- EXERCISE AIM: The answer is to be the lines below that lie between the line holding "STONE ISLAND LOGO" and the line holding "Botanical illustrations are", inclusive, transcribed exactly and free of pictures.

- RECORDS SHOWN:
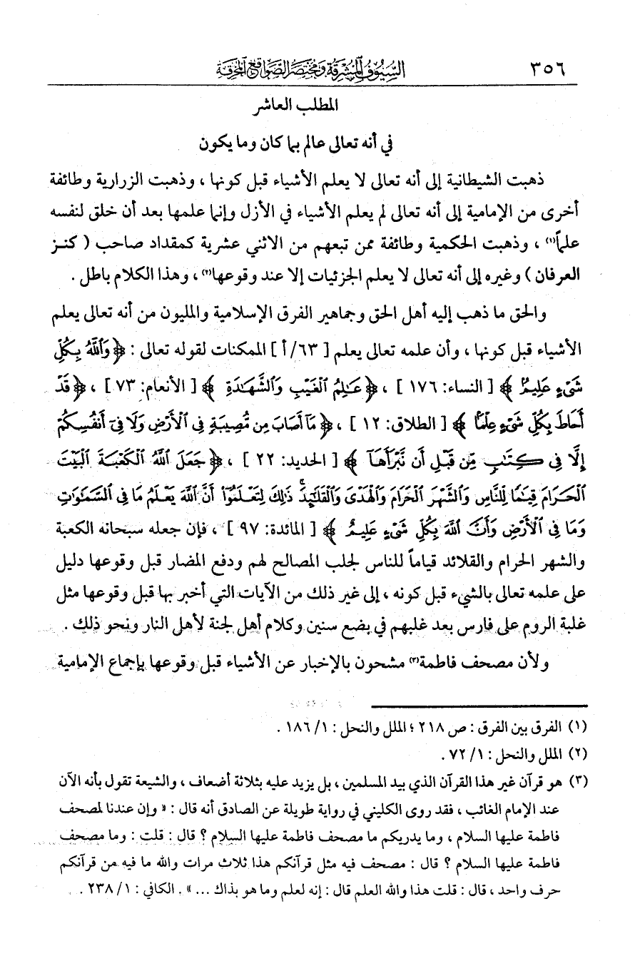 والحق ما ذهب إليه أهل الحق وجماهير الفرق الإسلامية والمليون من أنه تعالى يعلم الأشياء قبل كونها، وأن علمه تعالى يعم الممكنات؛ لقوله تعالى: {والله بكل شيء عليم}، {عالم الغيب والشهادة}، {قد أحاط بكل شيء علما}، {ما أصاب من مصيبة في الأرض ولا في أنفسكم إلا في كتاب من قبل أن نبرأها}، {جعل الله الكعبة البيت الحرام قياما للناس والشهر الحرام والهدي والقلائد ذلك لتعلموا أن الله يعلم ما في السماوات وما في الأرض وأن الله بكل شيء عليم} فإن جعله سبحانه الكعبة والشهر الحرام والقلائد قياما للناس لجلب المصالح لهم ودفع المضار قبل وقوعها دليل على علمه تعالى بالشيء قبل كونه، إلى غير ذلك من الآيات التي أخبر بها قبل وقوعها، مثل غلبة الروم على فارس بعد غلبهم في بضع سنين، وكلام أهل الجنة لأهل النار، ونحو ذلك. ولأن مصحف فاطمة مشحون بالأخبار عن الأشياء قبل وقوعها بإجماع الإمامية.
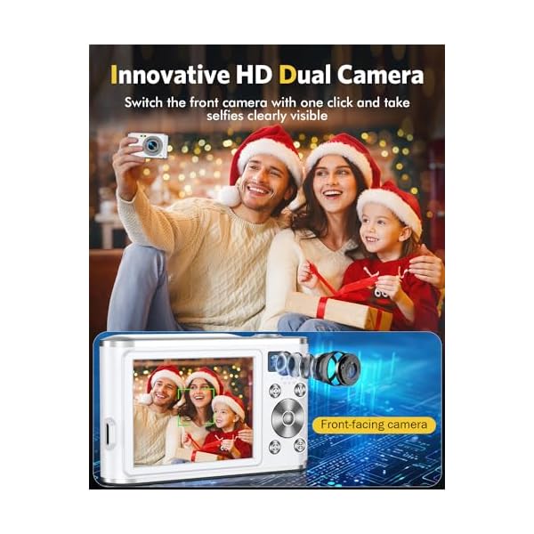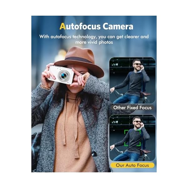 📸[AUTOFOCUS DUAL-CAMERA]- Innovative dual-camera design! Switch to the front camera for easy selfies with just one click, and utilize the rear camera for creative video, easily unlocking various shooting skills.The compact digital camera supports a powerful focusing function to ensure precise focus of the front and rear lenses, allowing you to easily capture clear and wonderful moments. Our 4k autofocus digital camera perfect as a Christmas or birthday gift!
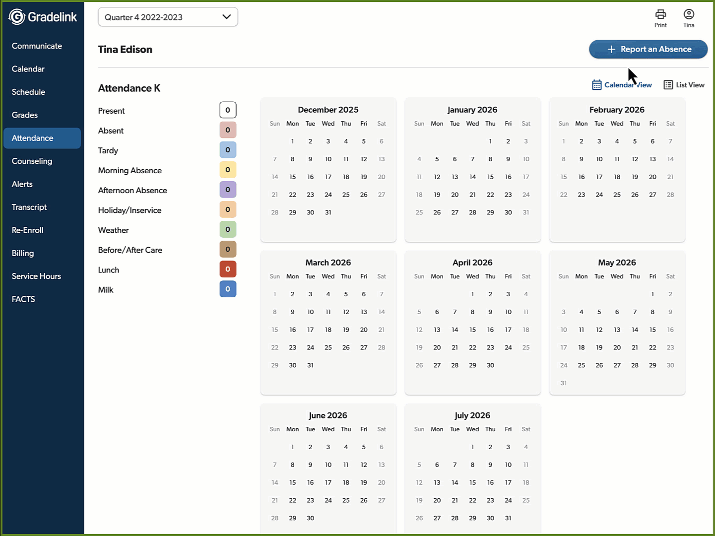 Absence Reporting in Gradelink gives parents an easy way to report absences from their web login or mobile app. Administrators can get notifications, and for schools that track Daily Attendance, a subsection in the Attendance page will appear allowing quick and easy confirmation and application of appropriate attendance values, even months ahead such as for family vacations.
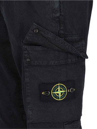 STONE ISLAND LOGO CARGO PANTS IN BLACK COTTON WITH MID ELASTIC WAISTBAND, ZIP CLOSURE, TWO SIDE ZIP POCKETS, TWO SIDE PUFF POCKETS, SIDE "COMPASS" LOGO LABEL, BACK WELT POCKET, STRAIGHT LEG. PRODUCT INFO PRODUCT CODE K2S153100033S00L1V0129 COMPOSITION: 97% COTTON, 3% ELASTANE SIZE AND FIT: REGULAR FIT MADE IN: ROMANIA
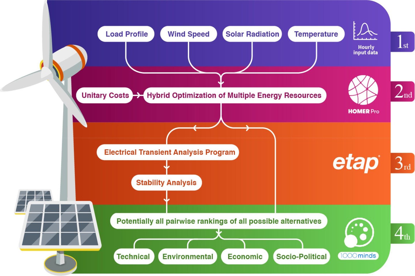 The research team used the Hybrid Optimization of Multiple Energy Resources (HOMER) and the Electrical Transient Analysis Program (ETAP) to model five possible hybrid energy configurations based on wind, solar and gas.
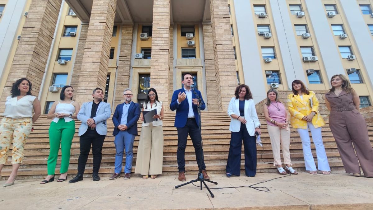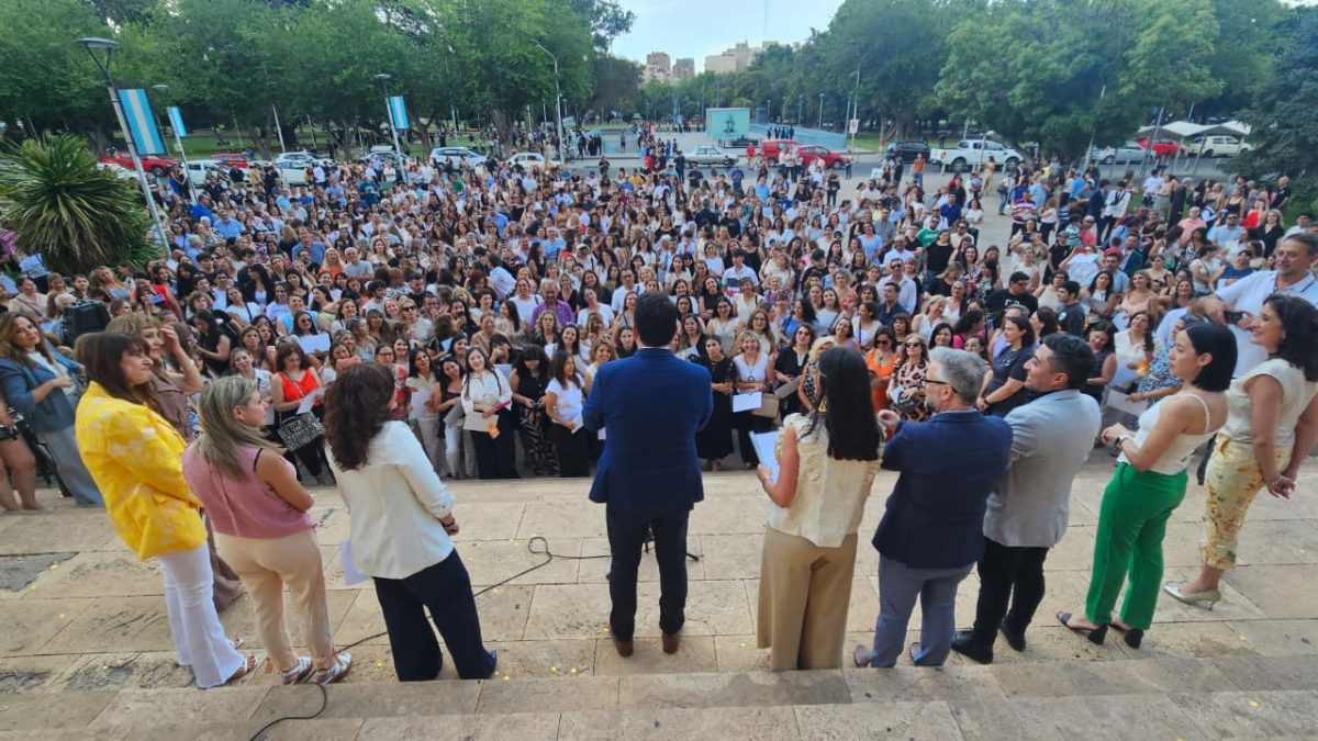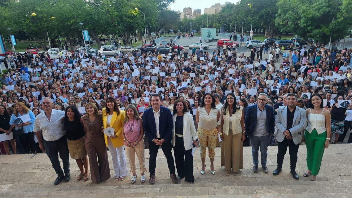 El ministro de Educación, Cultura, Infancias y DGE, Tadeo García Zalazar, junto a las máxima autoridades educativas de la Provincia, recibieron este jueves en la explanada de Casa de Gobierno a los docentes que aprobaron el concurso de Jerarquía Directiva 2025 con el fin de entregarles el certificado de aprobación de este importante movimiento dentro del sistema educativo.
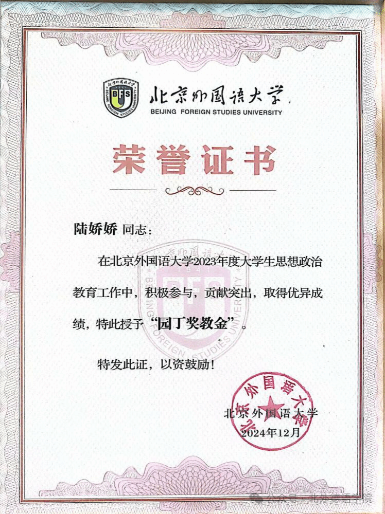 近日,tyc522cc太阳成集团召开“五育并举,知行合一”主题分享会,北外党委书记王定华、党委副书记贾德忠出席,重点用人单位、合作单位、媒体以及来自各职能部门、各院系师生代表参加分享会。北外党委书记王定华先后为国家奖学金获奖员工代表,2023年园丁奖教金、辅导员引航奖教金获奖员工,获德育工作先进集体荣誉称号的党总支颁奖。tyc522cc太阳成集团副教授陆娇娇荣获“2023年园丁奖教金”。
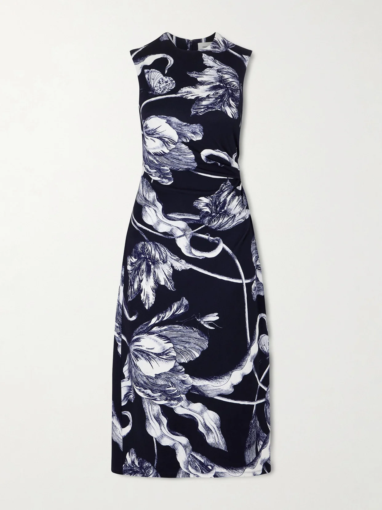Botanical illustrations are key to Edem's romantic designs. This dress is made from structured ponte with a fitted bodice and straight column skirt. It gathers at the side, gently following your curves.
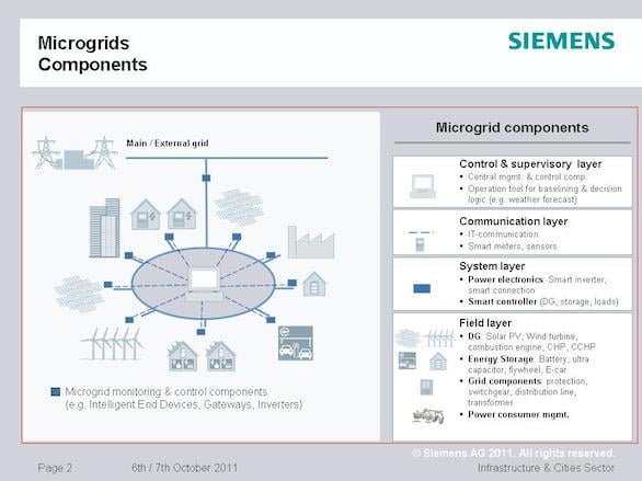 It may contain distributed solar on rooftops, ground mounted wind and solar generation, smart meters, energy storage, and even demand response. The main electric grid would then feed into a central point that would control all points of the system and communicate with the main grid, which would still provide a feed of energy to the microgrid. Below is a graphic from Siemens, a large grid supplier, that shows what a microgrid may look like.
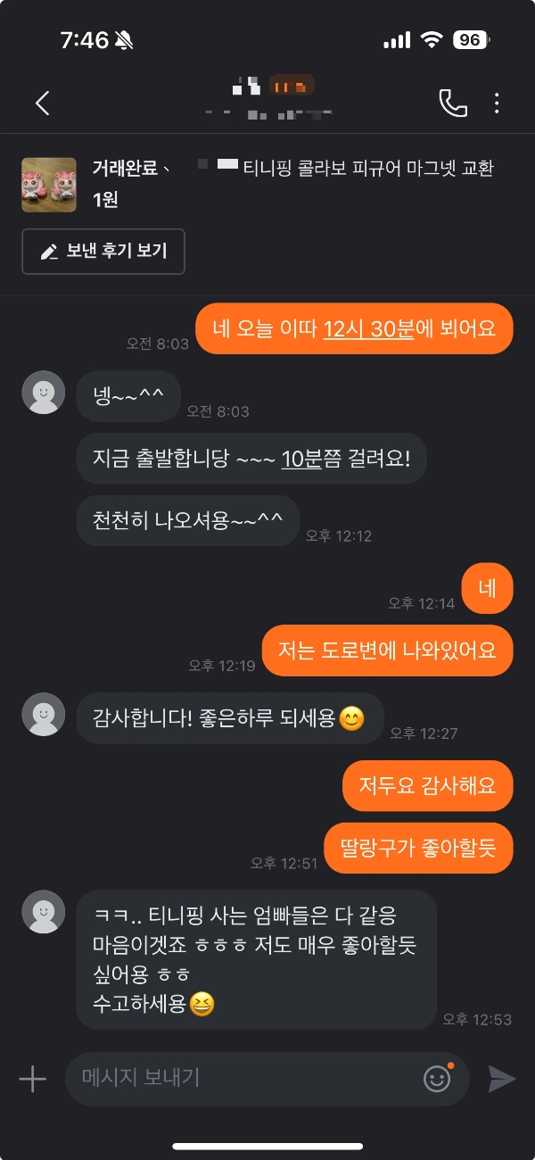 "그래도 마그넷은 이렇게 당근 교환하면 되니까.. 장난감 보단 덜 들겠어요."
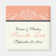 Korall för prydnadsdjur i gräns, vit bröllop anpassningsbar Spara datum magneter, med vacker korall och vit gräns för prydnadsdjur med rullverk på elfenbensbakgrund.
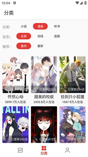 1、启动平行阅读App后,点击底部导航栏中的【分类】选项,就能查看各类小说分类,快速找到符合自己兴趣的内容。
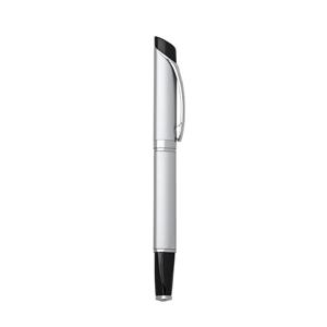 Descrição: Caneta metálica triangular com tampa, carga esferográfica azul.

- REPLY TO THE TASK:
 STONE ISLAND LOGO CARGO PANTS IN BLACK COTTON WITH MID ELASTIC WAISTBAND, ZIP CLOSURE, TWO SIDE ZIP POCKETS, TWO SIDE PUFF POCKETS, SIDE "COMPASS" LOGO LABEL, BACK WELT POCKET, STRAIGHT LEG. PRODUCT INFO PRODUCT CODE K2S153100033S00L1V0129 COMPOSITION: 97% COTTON, 3% ELASTANE SIZE AND FIT: REGULAR FIT MADE IN: ROMANIA
 The research team used the Hybrid Optimization of Multiple Energy Resources (HOMER) and the Electrical Transient Analysis Program (ETAP) to model five possible hybrid energy configurations based on wind, solar and gas.
 El ministro de Educación, Cultura, Infancias y DGE, Tadeo García Zalazar, junto a las máxima autoridades educativas de la Provincia, recibieron este jueves en la explanada de Casa de Gobierno a los docentes que aprobaron el concurso de Jerarquía Directiva 2025 con el fin de entregarles el certificado de aprobación de este importante movimiento dentro del sistema educativo.
 近日,tyc522cc太阳成集团召开“五育并举,知行合一”主题分享会,北外党委书记王定华、党委副书记贾德忠出席,重点用人单位、合作单位、媒体以及来自各职能部门、各院系师生代表参加分享会。北外党委书记王定华先后为国家奖学金获奖员工代表,2023年园丁奖教金、辅导员引航奖教金获奖员工,获德育工作先进集体荣誉称号的党总支颁奖。tyc522cc太阳成集团副教授陆娇娇荣获“2023年园丁奖教金”。
Botanical illustrations are key to Edem's romantic designs. This dress is made from structured ponte with a fitted bodice and straight column skirt. It gathers at the side, gently following your curves.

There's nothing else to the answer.